Computed tomography (CT) is generally more accessible and cheaper than MRI but images can be distorted by dental artefacts ( Fig. 8.1 ). It is superior to MRI in evaluation of bony cortical involvement in malignant disease. Non-contrast images will identify sialolithiasis within sialadenitis in the benign setting. CT is also useful in imaging the thorax and, where necessary, the abdomen in the case of metastatic disease from and to the salivary glands. However, its disadvantage is the relatively high dose of ionising radiation involved. Cone-beam CT has, however, similar radiation to sialography and is an emerging variant. MRI gives better defined soft-tissue images than CT as well as better imaging of the facial nerve and tumours in the deep lobe, clearer definition of anatomical relations to cranial nerves and perineural spread, and is thus superior in planning a surgical approach to the tumour. Low signal intensity on T2-weighted images and post-contrast ill-defined margins of a parotid tumour are highly suggestive of malignancy. Where identification of the nerve is particularly important, the use of new MRI techniques, such as gradient recalled acquisition in the steady state (GRASS) and balance turbo field echo (BTFE) sequences, may improve definition.
For suspected malignant tumours a combination of both MRI and CT is often performed to allow precise tumour localisation and identification of bone invasion, perineural spread or distant metastases.

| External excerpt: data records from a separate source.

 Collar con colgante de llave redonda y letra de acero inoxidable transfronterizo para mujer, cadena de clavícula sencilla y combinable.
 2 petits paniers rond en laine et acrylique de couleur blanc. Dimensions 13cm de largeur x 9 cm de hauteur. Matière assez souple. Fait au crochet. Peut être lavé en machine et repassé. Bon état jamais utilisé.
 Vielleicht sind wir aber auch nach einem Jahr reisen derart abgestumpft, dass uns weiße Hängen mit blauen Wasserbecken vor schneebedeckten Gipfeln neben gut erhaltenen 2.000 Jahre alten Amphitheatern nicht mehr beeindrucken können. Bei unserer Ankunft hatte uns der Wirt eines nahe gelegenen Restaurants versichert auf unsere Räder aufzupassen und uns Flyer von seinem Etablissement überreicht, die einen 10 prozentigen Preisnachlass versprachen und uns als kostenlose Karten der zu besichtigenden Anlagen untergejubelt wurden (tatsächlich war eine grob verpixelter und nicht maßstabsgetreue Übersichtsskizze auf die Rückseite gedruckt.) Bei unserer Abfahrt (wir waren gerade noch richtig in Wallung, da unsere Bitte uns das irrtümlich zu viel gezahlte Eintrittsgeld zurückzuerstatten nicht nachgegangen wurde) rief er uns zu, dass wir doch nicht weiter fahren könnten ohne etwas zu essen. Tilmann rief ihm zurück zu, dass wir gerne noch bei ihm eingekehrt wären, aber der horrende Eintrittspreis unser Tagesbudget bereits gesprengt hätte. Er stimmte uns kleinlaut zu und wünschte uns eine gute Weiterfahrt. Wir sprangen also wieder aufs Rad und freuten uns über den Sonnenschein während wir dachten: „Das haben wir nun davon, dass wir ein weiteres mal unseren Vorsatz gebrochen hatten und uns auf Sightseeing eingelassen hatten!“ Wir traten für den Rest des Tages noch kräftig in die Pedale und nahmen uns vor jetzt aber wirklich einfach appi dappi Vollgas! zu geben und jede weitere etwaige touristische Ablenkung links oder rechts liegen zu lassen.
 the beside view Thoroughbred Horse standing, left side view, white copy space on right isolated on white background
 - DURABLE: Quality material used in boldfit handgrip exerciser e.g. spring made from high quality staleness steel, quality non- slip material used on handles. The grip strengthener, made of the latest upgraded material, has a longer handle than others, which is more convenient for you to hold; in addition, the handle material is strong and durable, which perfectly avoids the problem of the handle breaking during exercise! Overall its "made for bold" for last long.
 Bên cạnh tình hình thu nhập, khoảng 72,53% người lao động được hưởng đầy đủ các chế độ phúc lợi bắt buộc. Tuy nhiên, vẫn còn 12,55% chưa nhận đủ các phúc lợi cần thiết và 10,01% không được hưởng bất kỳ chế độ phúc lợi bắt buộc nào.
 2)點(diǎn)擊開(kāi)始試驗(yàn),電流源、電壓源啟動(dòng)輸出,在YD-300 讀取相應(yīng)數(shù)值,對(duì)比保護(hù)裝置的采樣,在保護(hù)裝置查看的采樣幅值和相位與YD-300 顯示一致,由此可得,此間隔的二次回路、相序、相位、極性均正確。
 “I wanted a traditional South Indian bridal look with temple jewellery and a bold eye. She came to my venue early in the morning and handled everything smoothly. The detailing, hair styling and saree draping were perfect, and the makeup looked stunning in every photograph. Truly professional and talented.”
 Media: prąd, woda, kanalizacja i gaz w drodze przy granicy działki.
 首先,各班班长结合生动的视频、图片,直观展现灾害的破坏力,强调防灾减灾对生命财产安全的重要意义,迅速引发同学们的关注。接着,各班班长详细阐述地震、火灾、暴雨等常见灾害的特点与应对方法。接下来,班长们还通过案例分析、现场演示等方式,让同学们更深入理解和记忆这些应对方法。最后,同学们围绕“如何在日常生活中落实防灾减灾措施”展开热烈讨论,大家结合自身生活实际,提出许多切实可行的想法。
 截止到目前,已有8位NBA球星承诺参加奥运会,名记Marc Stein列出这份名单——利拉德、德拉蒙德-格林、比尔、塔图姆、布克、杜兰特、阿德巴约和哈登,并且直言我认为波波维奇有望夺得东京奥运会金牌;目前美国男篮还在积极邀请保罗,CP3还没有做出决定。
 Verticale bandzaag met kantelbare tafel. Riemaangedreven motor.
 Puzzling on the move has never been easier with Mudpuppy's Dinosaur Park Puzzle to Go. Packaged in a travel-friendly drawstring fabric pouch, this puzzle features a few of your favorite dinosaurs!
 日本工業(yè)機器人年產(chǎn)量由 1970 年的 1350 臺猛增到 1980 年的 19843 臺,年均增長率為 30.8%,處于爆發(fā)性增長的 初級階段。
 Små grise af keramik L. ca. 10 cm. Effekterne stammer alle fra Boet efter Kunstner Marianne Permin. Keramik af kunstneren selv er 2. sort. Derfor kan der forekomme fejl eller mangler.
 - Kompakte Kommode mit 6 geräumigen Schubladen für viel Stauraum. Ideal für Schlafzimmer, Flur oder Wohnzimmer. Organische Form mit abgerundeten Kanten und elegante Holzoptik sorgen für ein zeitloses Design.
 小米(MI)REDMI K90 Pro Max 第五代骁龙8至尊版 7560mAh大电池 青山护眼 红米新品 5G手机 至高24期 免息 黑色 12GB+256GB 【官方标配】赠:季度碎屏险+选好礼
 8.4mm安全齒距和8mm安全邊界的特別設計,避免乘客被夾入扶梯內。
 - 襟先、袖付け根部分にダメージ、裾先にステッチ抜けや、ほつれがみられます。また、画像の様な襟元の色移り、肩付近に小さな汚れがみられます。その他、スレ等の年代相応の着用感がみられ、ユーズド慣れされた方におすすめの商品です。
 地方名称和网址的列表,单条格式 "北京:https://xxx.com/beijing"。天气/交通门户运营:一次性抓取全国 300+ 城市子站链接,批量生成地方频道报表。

Nuclear scintigraphy is now increasingly available. The most commonly utilised scan in the head and neck region is positive emission tomography combined with CT (PET-CT). The injection of fluorodeoxyglucose (FDG) identifies tissues with high metabolic activity, notably malignant tumours. Image quality is poor in terms of fine anatomical definition and the scan is designed to broadly identify sites of malignancy, particularly metastases and sites of unknown primary tumours.
Fine-needle aspiration cytology
Fine-needle aspiration cytology (FNAC) can be used as a first-line investigation of a major salivary gland lesion. FNAC is performed with either a 23- or 25-gauge needle attached to a 20-mL syringe. The needle should be inserted into the target lesion, applying suction if possible, with gentle rotation about its long axis while making several passes of forwards and backwards movement through the lesion. If blood is aspirated, repeat aspiration is advisable. The syringe is detached and air withdrawn into it prior to reattaching it to the needle so that material is then expressed from the needle onto a slide. It is then spread over the slides without pressure to avoid crushing the material, taking care not to heap the aspirate up at the edges of the slide. The slides can then be air-dried or fixed with alcohol spray, ideally one or more of each.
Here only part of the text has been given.